Problem to solve:
Return only the lines of the data below from the line with "為貫徹落實黨中央、國務院決策" up to and including the line with "吸水速乾性のあるコスモトロン糸を使用", exactly as written, with the pictures omitted.

Supplied material:
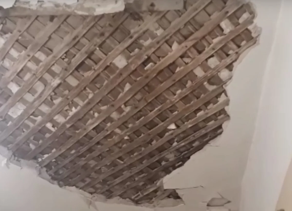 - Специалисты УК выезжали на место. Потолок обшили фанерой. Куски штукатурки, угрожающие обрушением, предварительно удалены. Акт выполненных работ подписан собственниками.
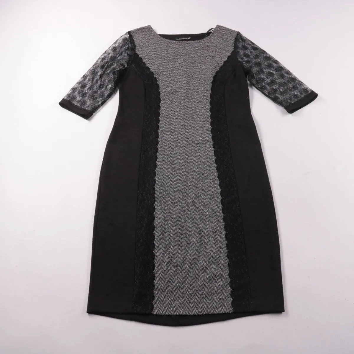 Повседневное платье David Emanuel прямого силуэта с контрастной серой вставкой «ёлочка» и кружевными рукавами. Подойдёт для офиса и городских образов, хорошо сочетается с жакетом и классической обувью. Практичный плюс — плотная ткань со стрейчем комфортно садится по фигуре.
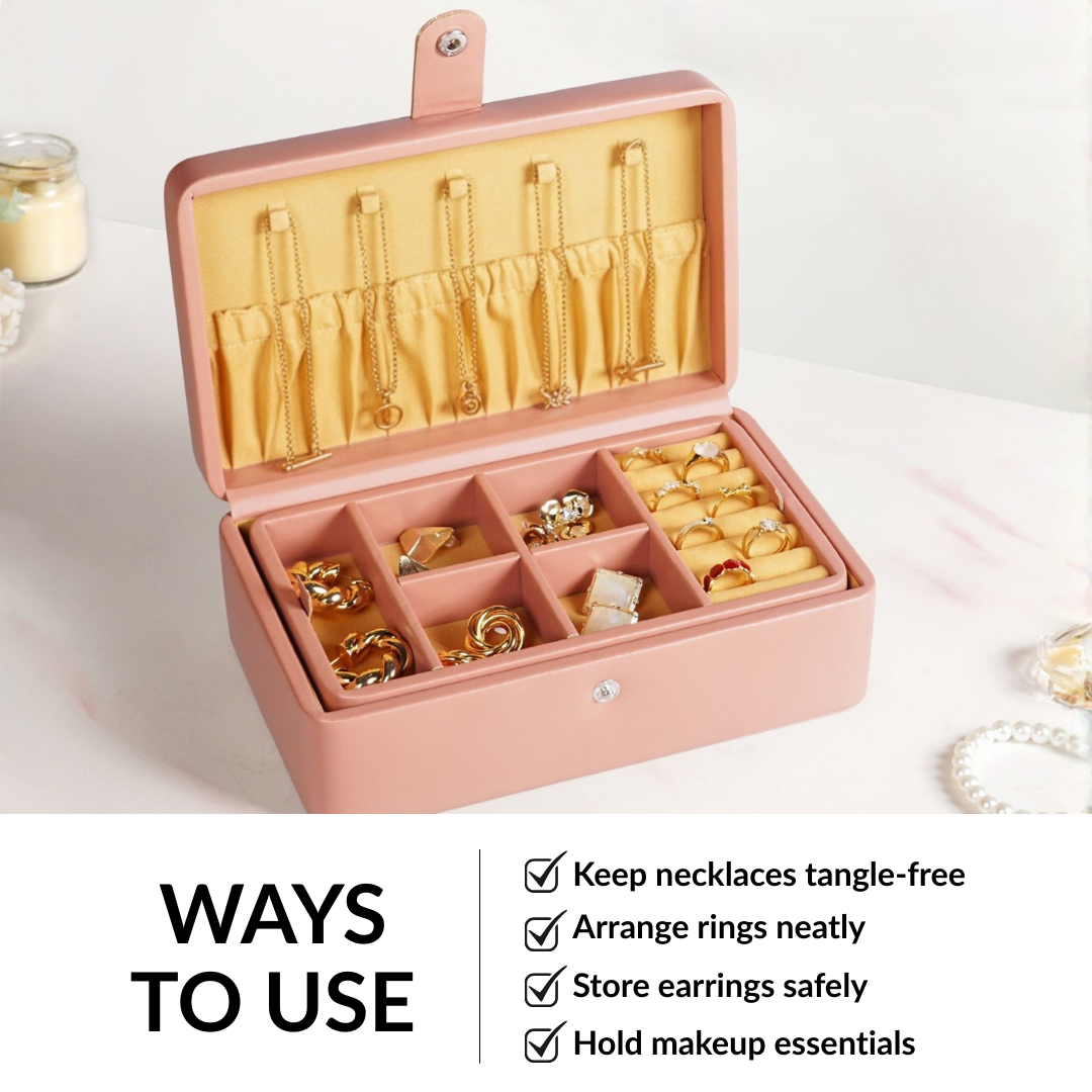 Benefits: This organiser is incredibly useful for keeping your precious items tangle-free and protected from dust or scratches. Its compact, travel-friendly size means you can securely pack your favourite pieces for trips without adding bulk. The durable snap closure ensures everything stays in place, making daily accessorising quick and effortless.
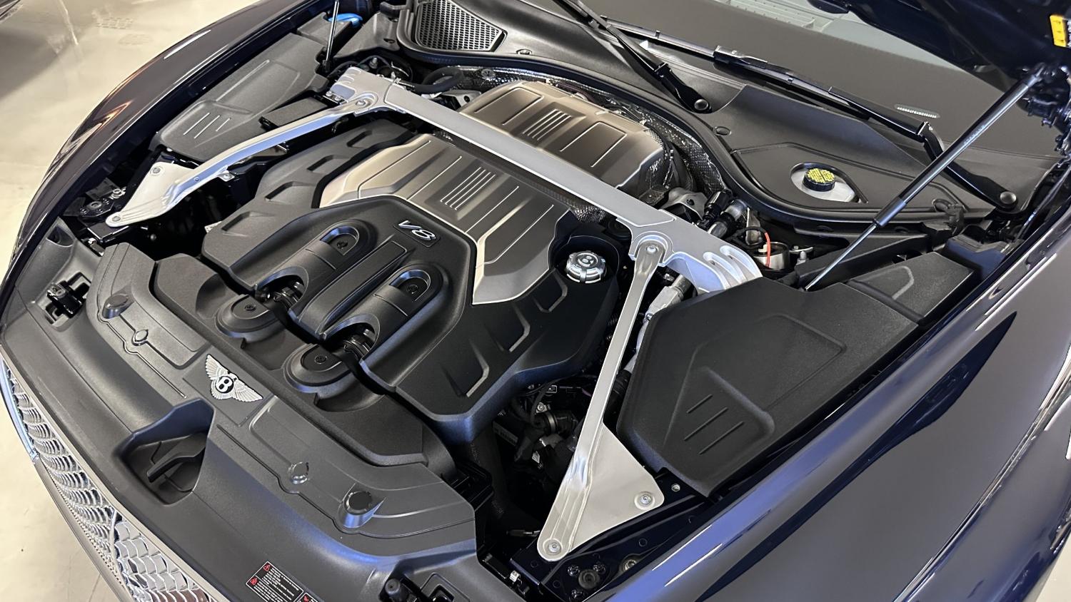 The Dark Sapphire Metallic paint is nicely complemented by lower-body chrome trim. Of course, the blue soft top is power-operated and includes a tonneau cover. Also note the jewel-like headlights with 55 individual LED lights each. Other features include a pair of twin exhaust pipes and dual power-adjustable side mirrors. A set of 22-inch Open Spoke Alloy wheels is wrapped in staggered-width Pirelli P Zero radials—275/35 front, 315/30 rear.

--

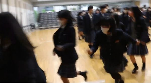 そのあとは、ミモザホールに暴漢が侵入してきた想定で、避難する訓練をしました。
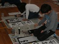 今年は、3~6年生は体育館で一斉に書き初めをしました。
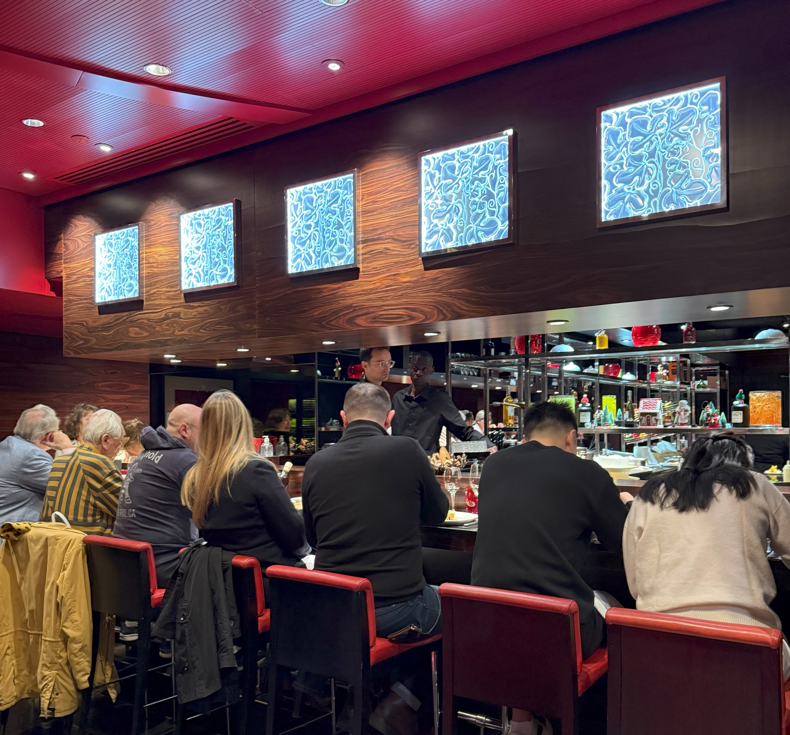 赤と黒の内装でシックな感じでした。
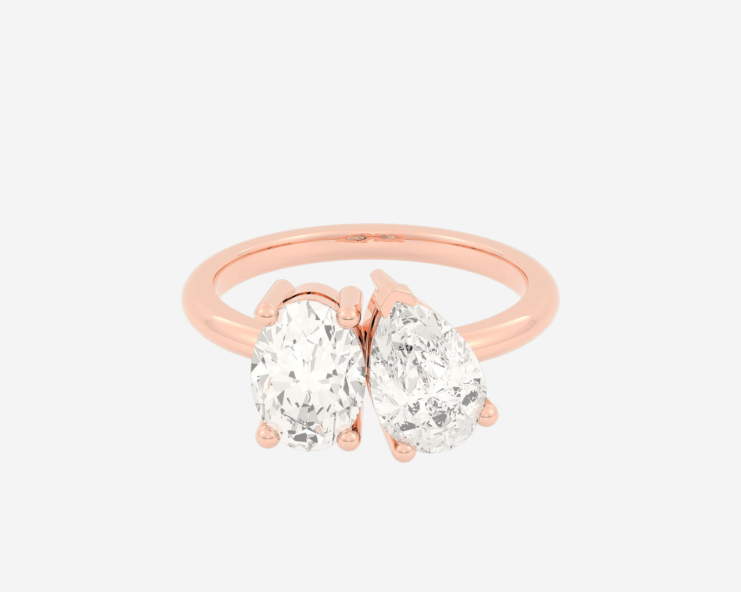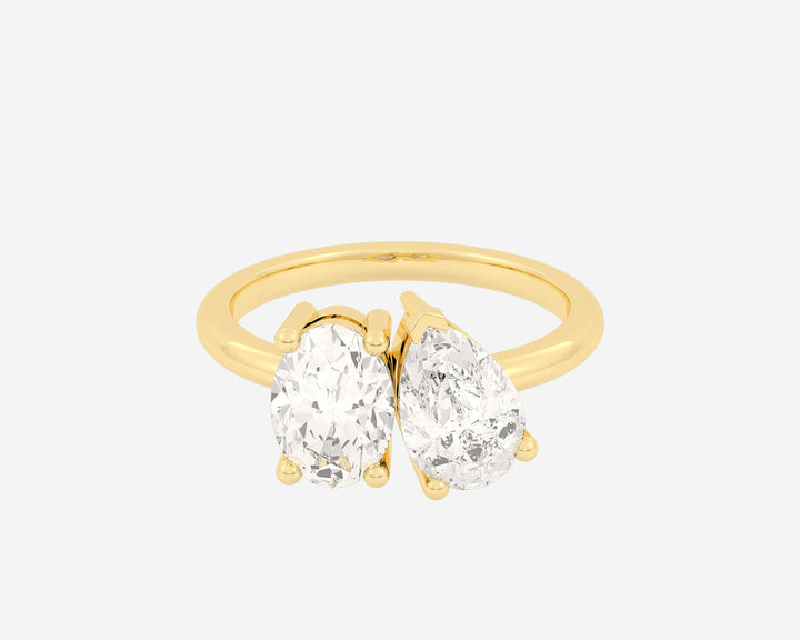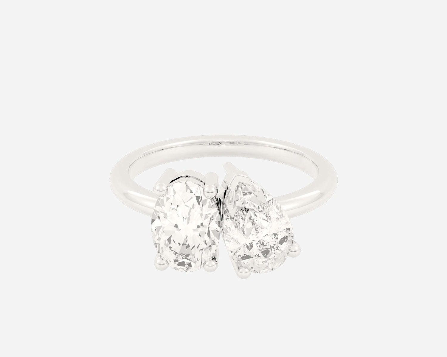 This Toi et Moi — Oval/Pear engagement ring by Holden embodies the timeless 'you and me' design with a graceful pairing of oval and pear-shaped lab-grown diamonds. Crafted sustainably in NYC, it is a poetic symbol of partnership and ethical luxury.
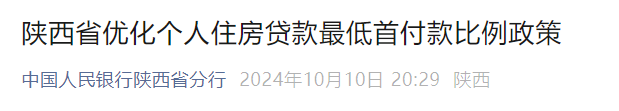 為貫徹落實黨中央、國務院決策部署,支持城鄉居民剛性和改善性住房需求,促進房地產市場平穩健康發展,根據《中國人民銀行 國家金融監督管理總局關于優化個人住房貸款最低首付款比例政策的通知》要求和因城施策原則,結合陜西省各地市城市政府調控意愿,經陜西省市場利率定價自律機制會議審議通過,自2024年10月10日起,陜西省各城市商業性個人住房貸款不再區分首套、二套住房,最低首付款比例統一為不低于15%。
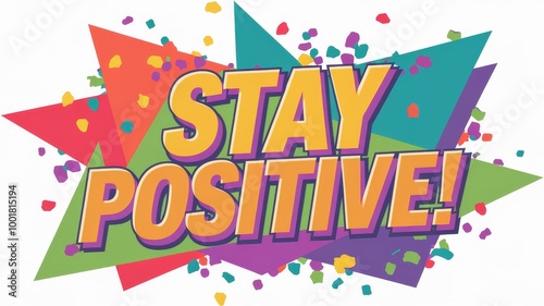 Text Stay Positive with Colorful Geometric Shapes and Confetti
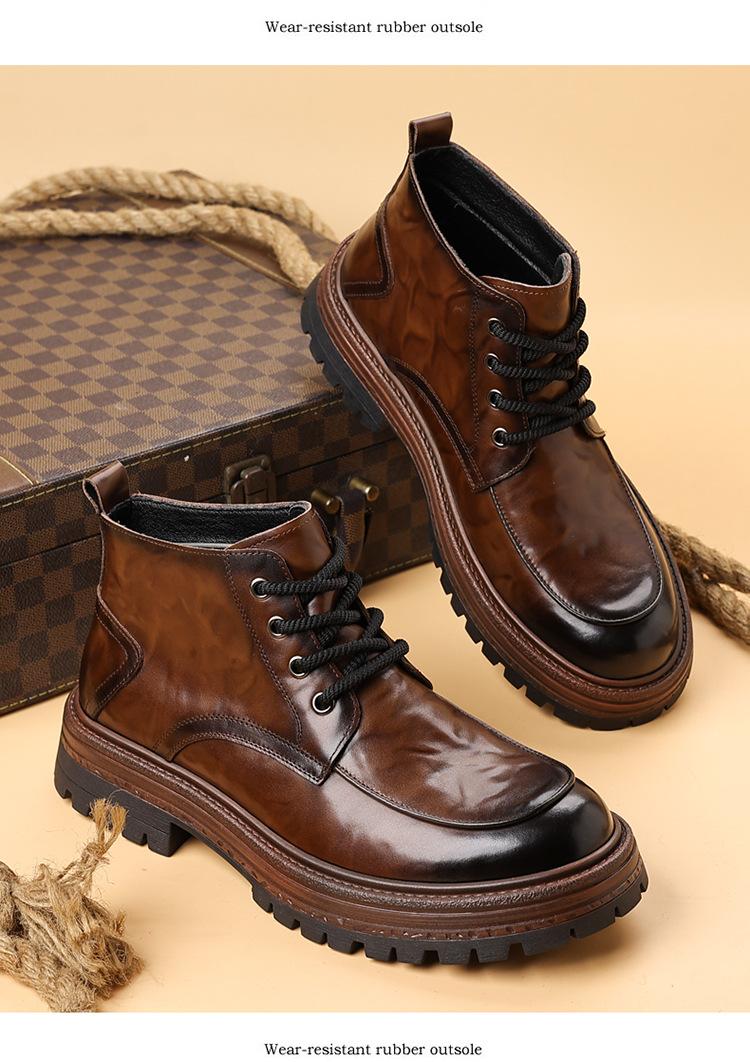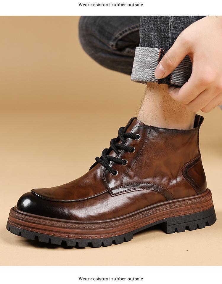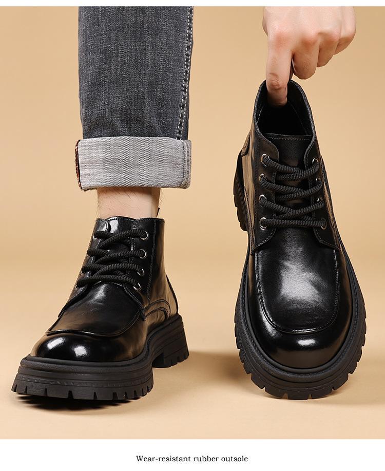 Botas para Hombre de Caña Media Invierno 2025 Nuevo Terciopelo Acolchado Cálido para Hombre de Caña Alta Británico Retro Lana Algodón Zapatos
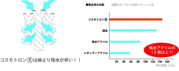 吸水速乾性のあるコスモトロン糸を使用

The completed task:
 為貫徹落實黨中央、國務院決策部署,支持城鄉居民剛性和改善性住房需求,促進房地產市場平穩健康發展,根據《中國人民銀行 國家金融監督管理總局關于優化個人住房貸款最低首付款比例政策的通知》要求和因城施策原則,結合陜西省各地市城市政府調控意愿,經陜西省市場利率定價自律機制會議審議通過,自2024年10月10日起,陜西省各城市商業性個人住房貸款不再區分首套、二套住房,最低首付款比例統一為不低于15%。
 Text Stay Positive with Colorful Geometric Shapes and Confetti
 Botas para Hombre de Caña Media Invierno 2025 Nuevo Terciopelo Acolchado Cálido para Hombre de Caña Alta Británico Retro Lana Algodón Zapatos
 吸水速乾性のあるコスモトロン糸を使用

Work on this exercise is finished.